Pushback From Permit-Seekers

Rochester’s Planning Board Tuesday endorsed an Approval Not Required (ANR) application for the construction of three single-family dwellings on two-acre lots on High Street at Forbes Road but not without push back from board based on its closeness to Connet Woods.

            Connet Woods is designed as a regulated subdivision, Planning Board Chair Arnold Johnson said. Therefore, the board wanted the developer to agree that the High Street lots would connect to that development’s roadway before the panel would endorse the ANR. The developer’s lawyer, Attorney Peter Teitelbaum, said his client disagrees with this as a condition for the ANR and that, in fact, such a condition is not necessary for granting one.

            Johnson admitted that the town council has informed the board this condition is not required for an ANR. “But my question is that there will be no safeguards on your application that you will put this on your plans,” he said. “Some poor guy applying for a home here will not get what he wanted. Or the Connet Woods homeowners’ association will complain.”

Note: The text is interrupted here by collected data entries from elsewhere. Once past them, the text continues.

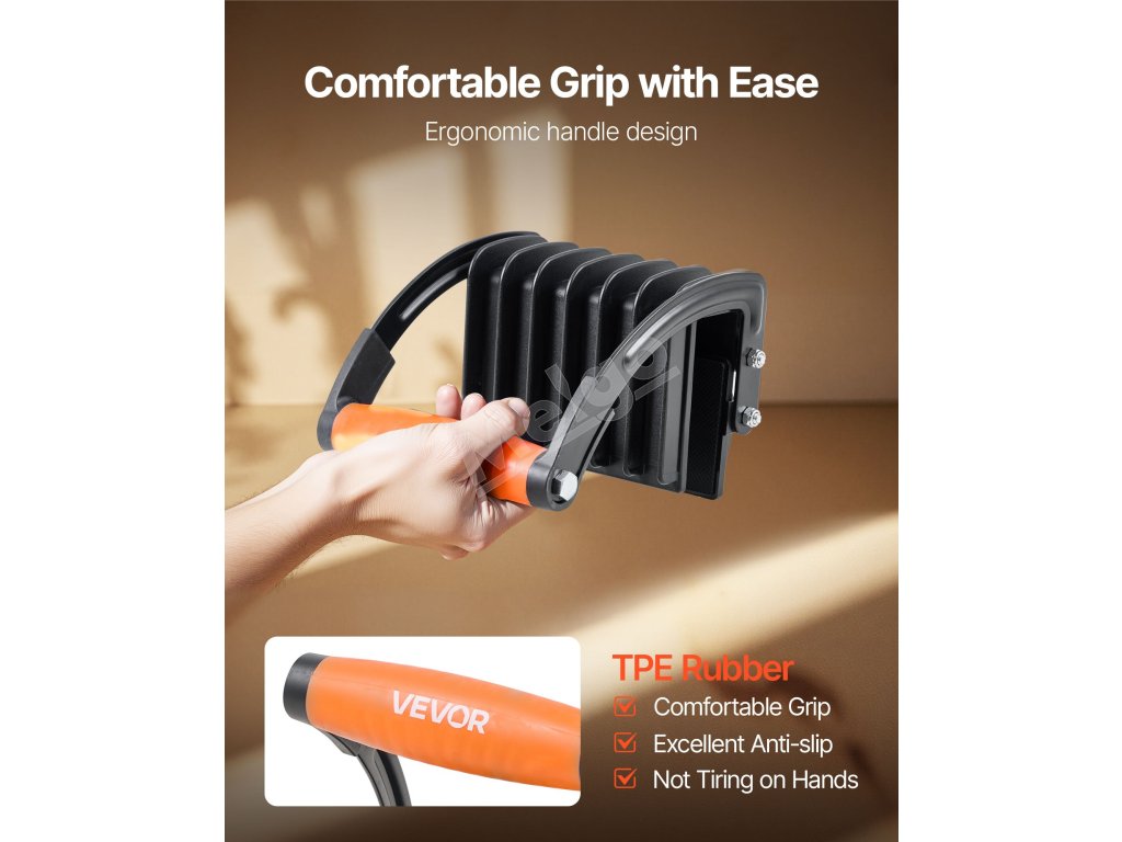 Vďaka gumovým podložkám NBR tento nástroj na nosenie preglejok bezpečne udrží vaše dosky na mieste, zabráni ich skĺznutiu a ochráni vaše povrchy pred poškriabaním. Prenášajte s istotou!
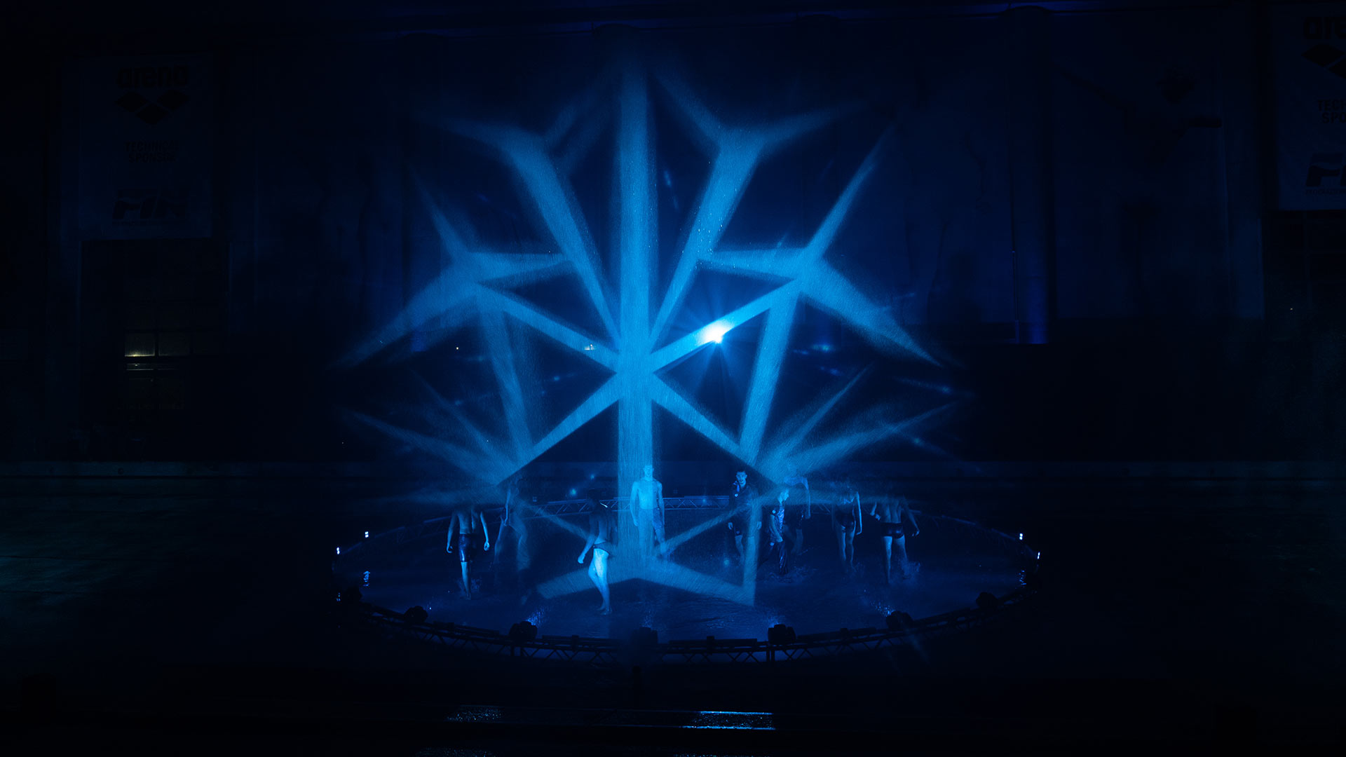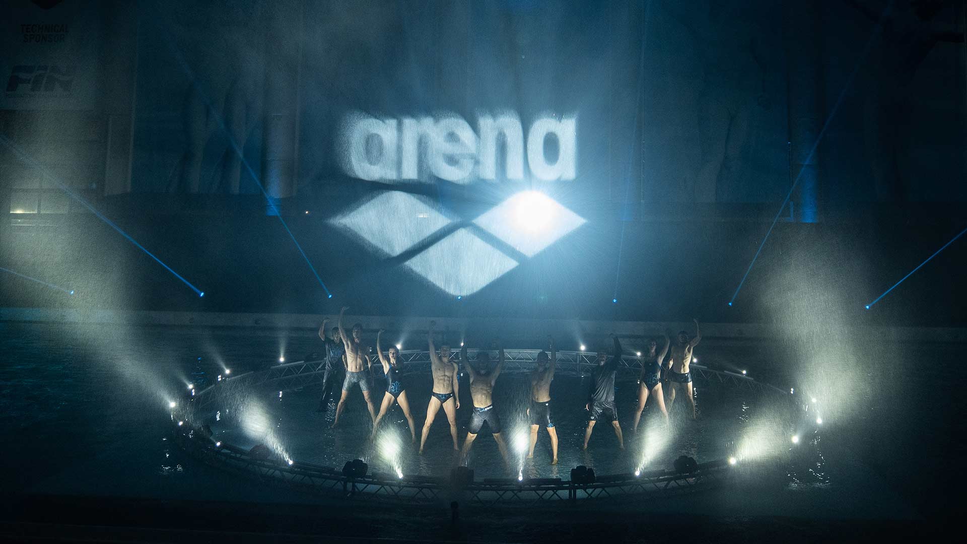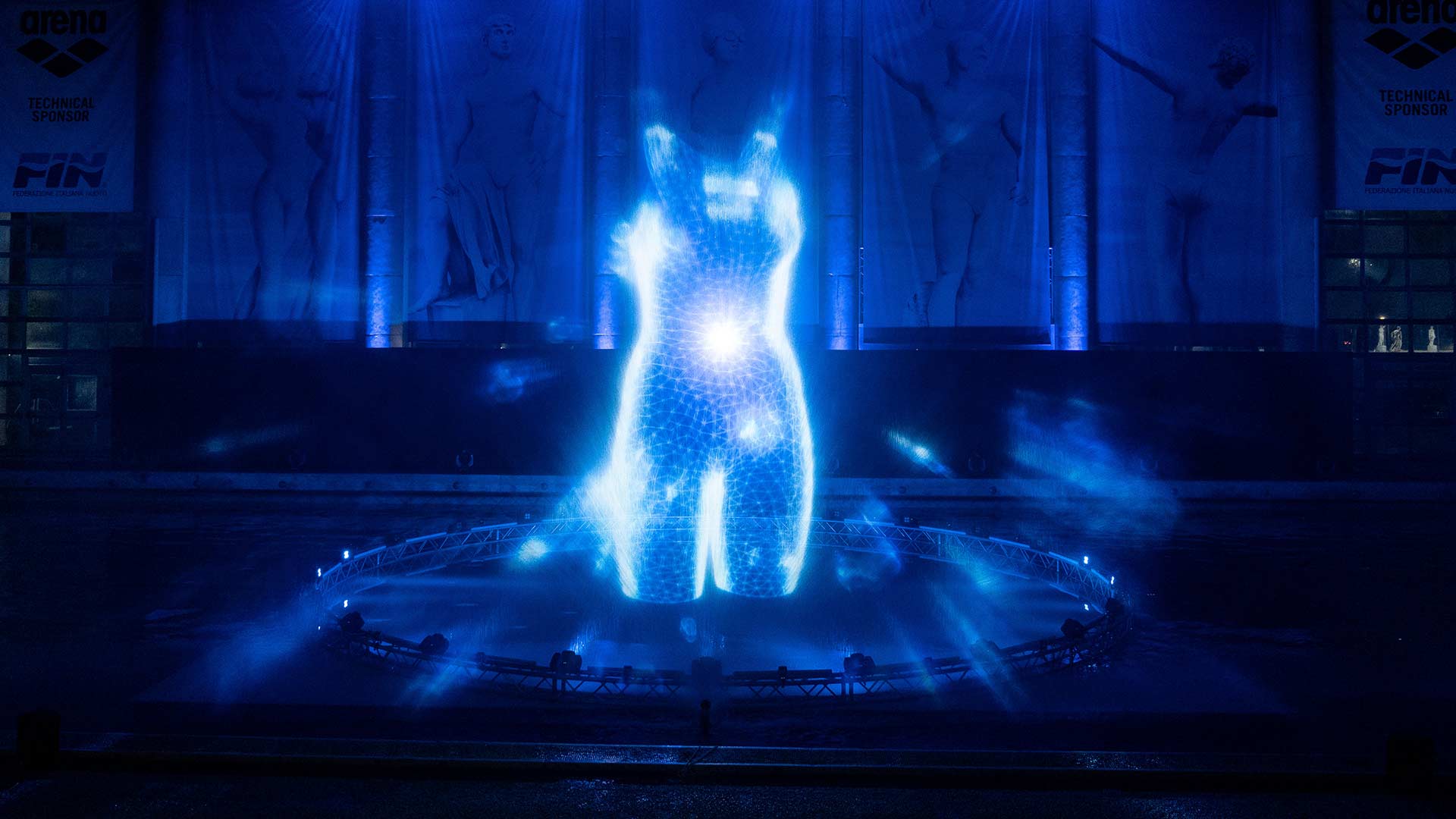 La nostra ultima tecnologia: uno schermo d’acqua che crea particolari effetti scenici con ologrammi in movimento. Su questa superficie modellabile abbiamo proiettato loghi ed effetti particellari, per concludere con la visualizzazione 3D del costume che Arena ha disegnato per gli atleti olimpici.
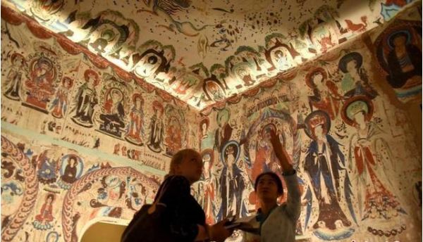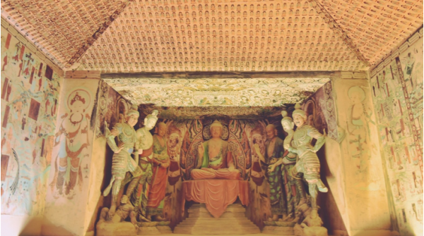 莫高窟,坐落于河西走廊的西部盡頭的敦煌。它的開鑿從十六國(guó)時(shí)期至元代,前后延續(xù)約1000年,這在中國(guó)石窟中絕無僅有。它既是中國(guó)古代文明的一個(gè)璀璨的藝術(shù)寶庫(kù),也是古代絲綢之路上曾經(jīng)發(fā)生過的不同文明之間對(duì)話和交流的重要見證。

            Teitelbaum said this road connection is something his client, Sarajon Realty, will consider but only after other avenues are explored and the subject is discussed and researched, through “a process, a very circuitous process,” he said.

            Board member Ben Bailey warned Ttttlebaum that the town will remember his client’s current irretractable attitude when other permit requests come the panel’s way in the future, and that may affect those decisions. “No one will forget,” Bailey said. But Teitelbaum did not budge from his stance as the board approved the ANR with one abstaining vote, from chair Johnson.

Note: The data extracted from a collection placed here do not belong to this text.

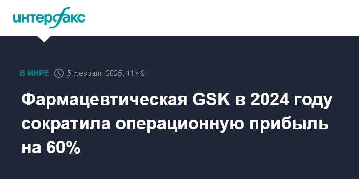 Фармацевтическая GSK в 2024 году сократила операционную прибыль на 60%
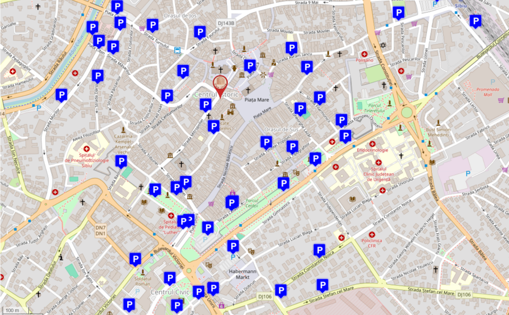 On the map below, you can see the main parking areas in central Sibiu. For the official parking map of Sibiu (rates, zones, hours), please visit the SPADPP website: View the SPADPP parking map
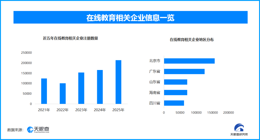天眼查专业版数据显示,截至目前我国现存在业、存续状态的在线教育相关企业超118万家。其中,2025年新增注册相关企业约21.4万家,从企业注册数量趋势来看,近五年间,除2022年外,在线教育相关企业的注册数量呈现出逐年增长的态势,并在2025年达到顶峰。
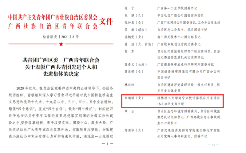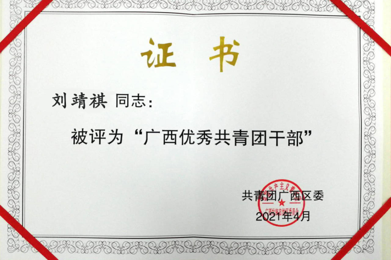 近日,共青团广西区委、广西青年联合会发布了《关于表彰广西共青团先进个人和先进集体的决定》(桂青联发〔2021〕8号)文件。太阳集团2138计算机应用系计算机应用技术专业18-2班学生刘靖祺荣获“广西优秀共青团干部”荣誉称号。
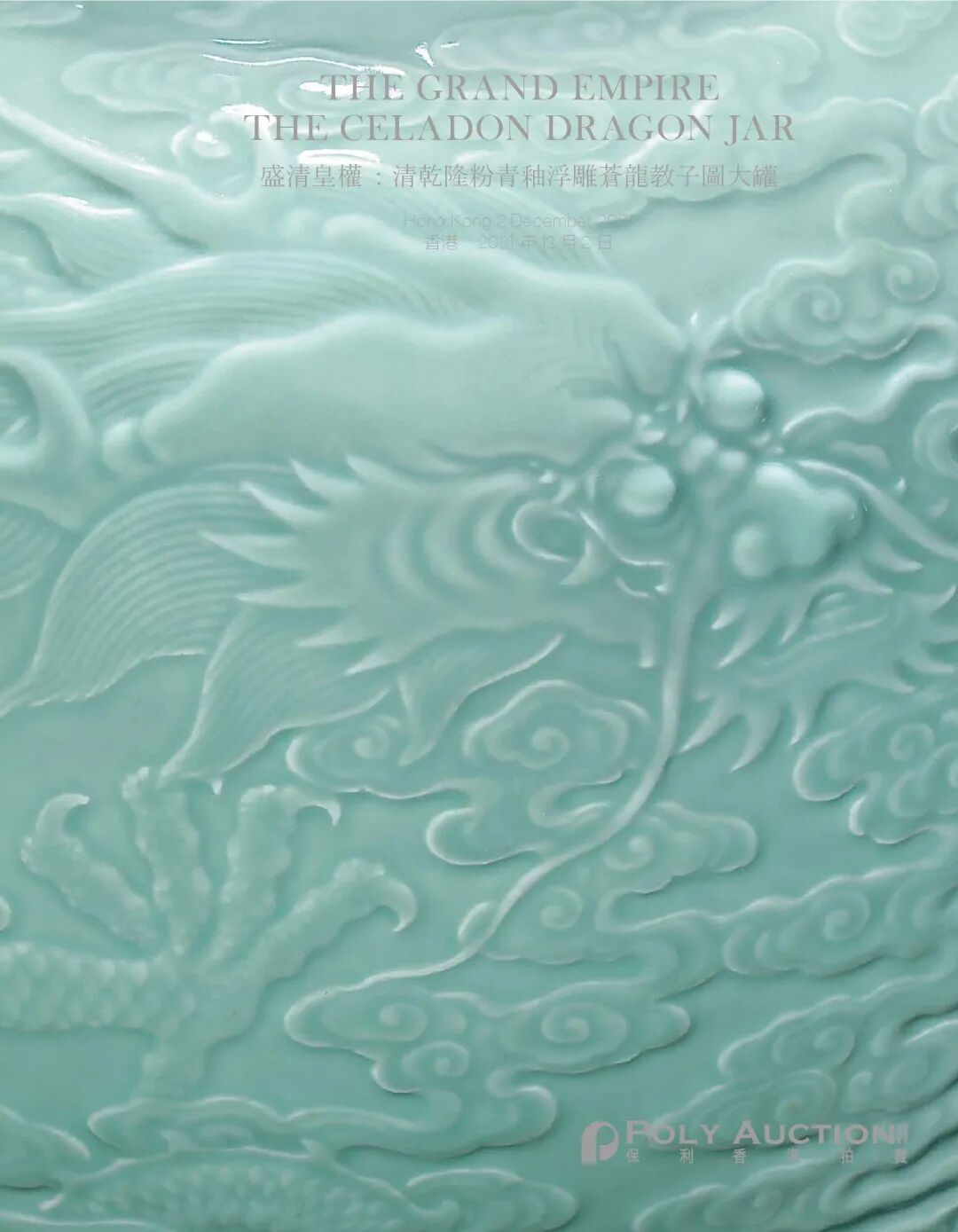 「盛清皇權」專場欣呈清乾隆粉青釉浮雕「蒼龍教子」圖大罐,此器來自亞洲顯赫私人收藏,藏家早於80年代活躍於國際拍場,積極建立個人收藏,本罐即為藏家於1987年香港蘇富比首批納入收藏的重要作品之一。

            In other action, the board continued until its January 28 meeting its site plan review special permit hearing for a new Eversource Energy substation at 214 Rounsville Road, upgrades necessary to interconnect distributed generation facilities in town. The panel also continued until that date its Definitive Subdivision plan hearing regarding dividing a 28-acre parcel and at 386 Snipatuit Road into a two-acre lot with frontage on Snipatuit Road containing an existing home and outbuilding and two new lots with frontage on a new roadway to be named Peter Crapo Cartway. In both cases, Johnson said the board is awaiting peer review engineering notes from Ken Motta of Field Engineering.

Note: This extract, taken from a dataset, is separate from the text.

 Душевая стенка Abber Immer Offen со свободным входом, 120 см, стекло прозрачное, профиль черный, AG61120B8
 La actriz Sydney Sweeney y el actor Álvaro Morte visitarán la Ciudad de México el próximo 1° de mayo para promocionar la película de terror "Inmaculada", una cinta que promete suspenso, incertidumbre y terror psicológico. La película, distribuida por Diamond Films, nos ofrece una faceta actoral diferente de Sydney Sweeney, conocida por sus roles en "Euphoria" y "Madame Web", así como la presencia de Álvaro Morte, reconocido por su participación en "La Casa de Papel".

            Zoning Bylaw Review Committee members Richard Cutler and Mark Wellington asked the board to reconsider its vote against recommending the new accessory dwelling unit bylaw that will be voted on at the January 27 Special Town Meeting. They argued these new regulations would mean important protections for the town in the face of impending state regulations allowing these units by right. 

            Johnson responded it was too late legally to do so, and the board has not changed its mind. He said the board can’t re-vote the recommendation without re-advertising the hearing. Plus, the state is making these new regulations something that towns can find a way around. “The state keeps moving the goal post every time they see towns’ draft regulations seeking a way around them,” Johnson said.

            “If we have nothing of our own, then we will have the state rules and nothing we can about them,” Cutler unsuccessfully argued.

            The Rochester Planning Board’s next meeting will be Tuesday, January 28 at 7:00 pm at Town Hall, 1 Constitution Way.